**INSTRUCTIONS TO FOLLOW**
Reproduce the lines below exactly. Begin with the first, end with the line containing "Sometimes you just", and leave out the pictures.
======== DATA IN THIS EXERCISE ========
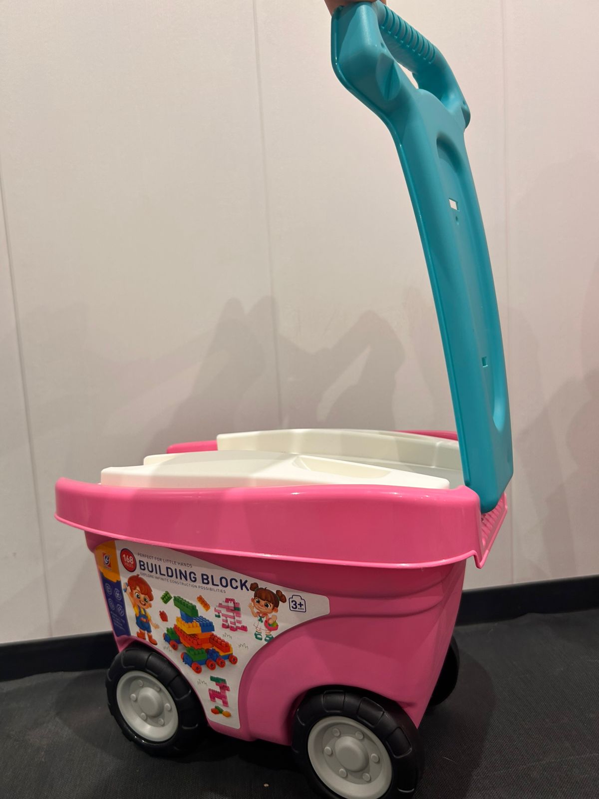 - 🛞 Pull-Along Trolley – Built-in wheels and pop-up handle make it easy for kids to roll their bricks anywhere.
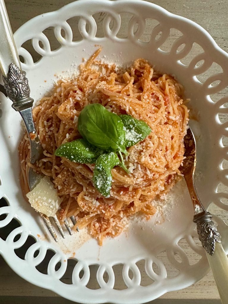 Sometimes you just need a bowl of pasta, I made an excellent homemade marinara sauce the other day, haven’t had this in ages, it was worth the calories!
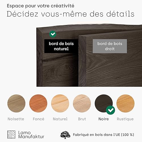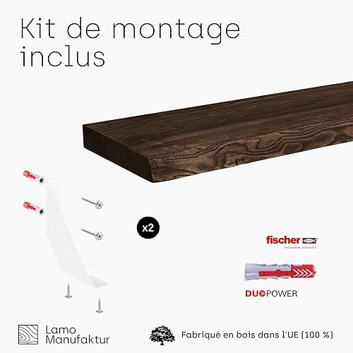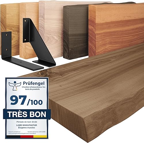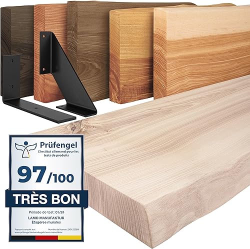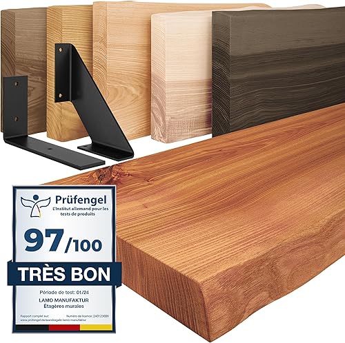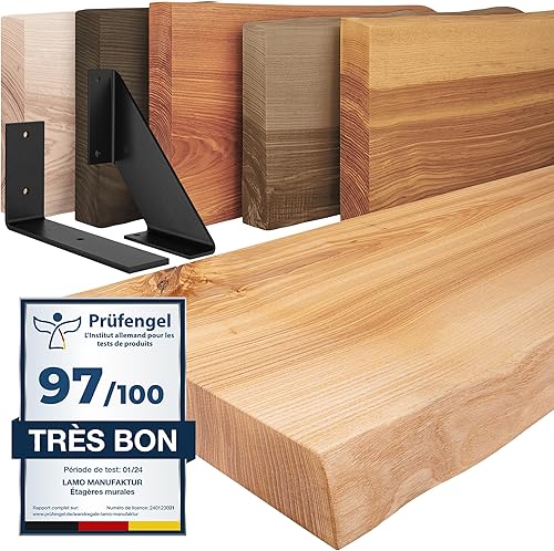 LAMO Manufaktur étagère Murale en Bois Massif, irrégulier, étagère de Rangement Vintage, Bois Naturel/équerre Noire 100cm, LW-01-A-002-100VS
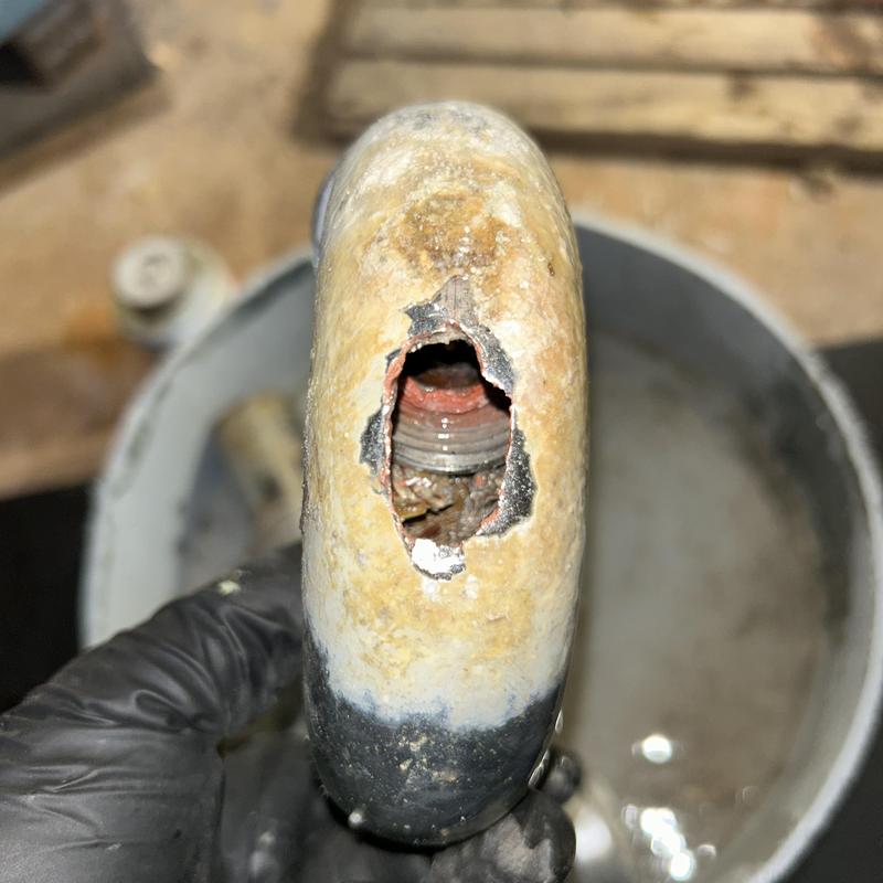HEISE'S PLUMBING replaced a leaking kitchen sink line in San Francisco, CA. The team removed the damaged tee and pipe section, then installed a new copper pipe with a tee fitting to restore proper water flow.
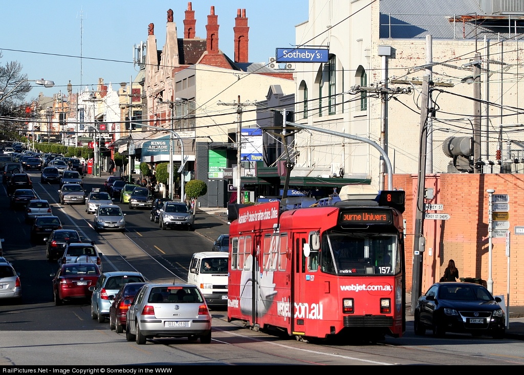 | Running through the High Street, Armadale antique shopping precinct, a tram wearing an all-over ad for webjet.com.au runs on route 6 from Glen Iris to Melbourne University, through Melbourne's inner south-eastern suburbs. |
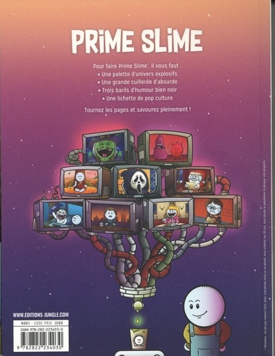 Un nouvel univers inspiré de la page Instagram Prime Slime ! Prime Slime tire ses in ? uences de webcomics tels que Perry Bible Fellowship, Cyanide & Happiness, Loading Artist. Il se veut un menu riche et varié d'absurde, d'humour noir, explorant parfois plusieurs styles graphiques pour servir au mieux chaque gag. Les références à la pop culture y sont nombreuses et depuis 2016, l'univers ne cesse de rassembler les lecteurs sur instagram avec plus de 62 000 abonnés. En 2020, les auteurs donnent également naissance à une mini-série développée par le studio d'animation AMUSE.
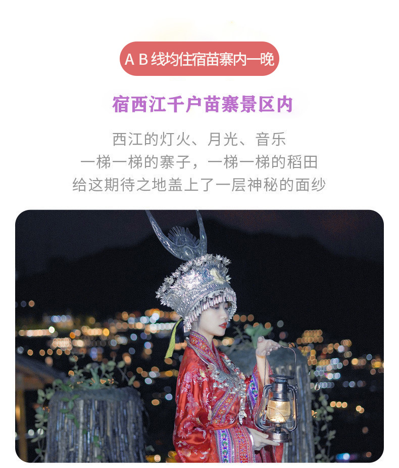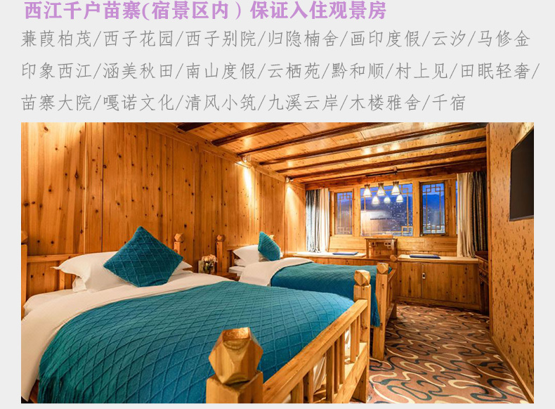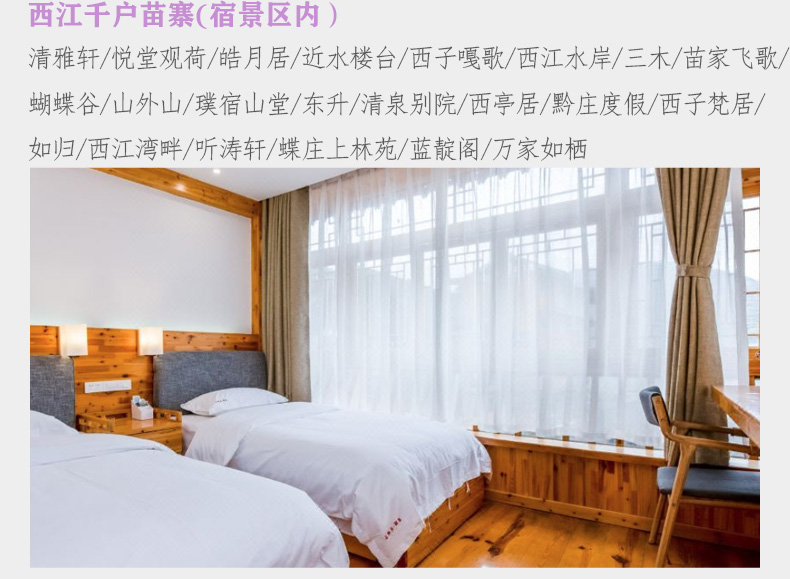 2.西江均为民俗客栈,空调,热水器均具备,但是和城市同等级别的酒店有差距。且单家客栈房间数量较少,一个散拼团可能会出现分1-2家客栈住宿,进入景区无行李车,需要自行携带行李步行(10-20分钟)进入景区入住酒店(建议将大件行李存放车上,仅携带贵重物品以及必备洗漱品进入景区)
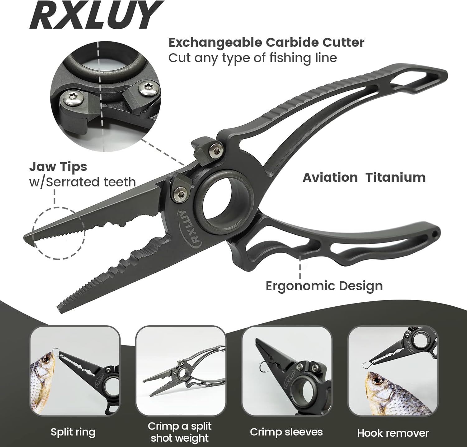 Unleash the power of precision with the RXLUY Titanium Fishing Pliers, Your ultimate companion on every fishing adventure. Crafted from aviation-grade titanium, these pliers are as tough as they come. Weighing just 0.31lb, they combine incredible strength with an ultra-light design, making them perfect for all your outdoor pursuits. Whether you're fishing the pristine waters of a lake, battling the saltwater tide, or braving the chill of extreme conditions, these pliers will never rust, ensuring long-lasting performance you can trust. Designed with the angler in mind, these 7.42" pliers feature a hollow handle and a convenient center slot for hanging your essential fishing tools. Imagine a tool so perfectly shaped that it naturally molds to the curve of your hand, the contoured design fits four fingers comfortably, while the thumb-side non-slip texture offers the stability and control you need to take on any task. With each use, you’ll feel the balance and precision, making it the perfect tool for those who demand more from their gear. The RXLUY pliers aren’t just about looks. They’re about function, too. Equipped with non-slip teeth and a hooked tip, they’re designed to give you a firm grip on even the trickiest hooks. With integrated crimping grooves and a razor-sharp tungsten cutter, you’ll slice through mono, fluorocarbon, and braided lines effortlessly, ensuring that your rigs are ready when you are. Never struggle to find your tools again. Whether you're casting off from a boat or waiting on the shore, the included belt-clip holster, lanyard, and carabiner keep your pliers within arm’s reach. No more digging through your tackle box, just grab, use, and get back to the action, knowing your tools are securely stored and ready for anything. Looking for the perfect gift for the angler in your life? The RXLUY Take your fishing to the next level with the RXLUY Titanium Fishing Pliers. Performance, precision, and reliability—All in one
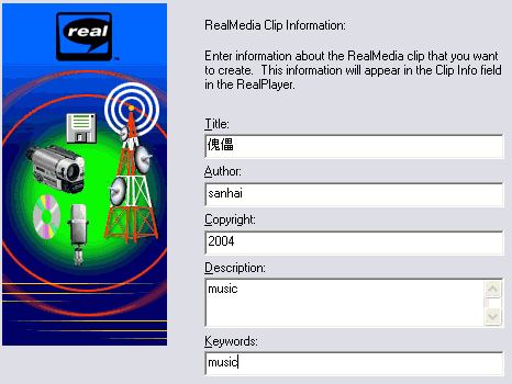 点击后会弹出一个流媒体文件制作的向导,首先让用户选择要制作流媒体文件的源文件,单击下一步,弹出的对话框分别是输入标题,作者,版权,描述,关键字,填写完毕后进入下一对话框就是我们前边提到的制作多流和单流的流媒体文件了。
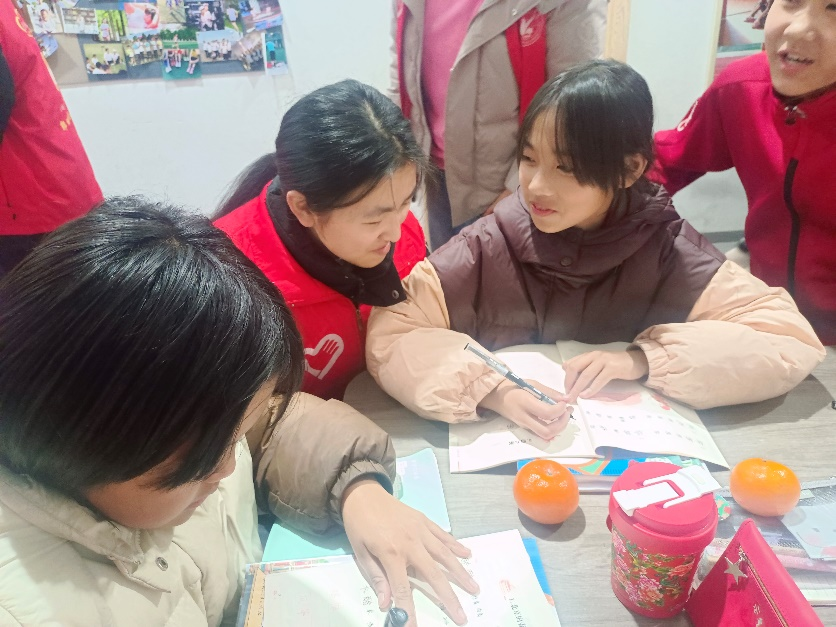 随后,志愿者们为“梦想之家”的孩子们送上了精心准备的水果和牛奶,用实际行动表达关爱。在温馨的氛围中,志愿者们分组为孩子们辅导功课,耐心细致地解答他们在学习中遇到的问题。孩子们积极提问,志愿者们认真讲解,现场互动频繁,气氛热烈。
========
**RESULT OF THIS EXERCISE**
 - 🛞 Pull-Along Trolley – Built-in wheels and pop-up handle make it easy for kids to roll their bricks anywhere.
 Sometimes you just need a bowl of pasta, I made an excellent homemade marinara sauce the other day, haven’t had this in ages, it was worth the calories!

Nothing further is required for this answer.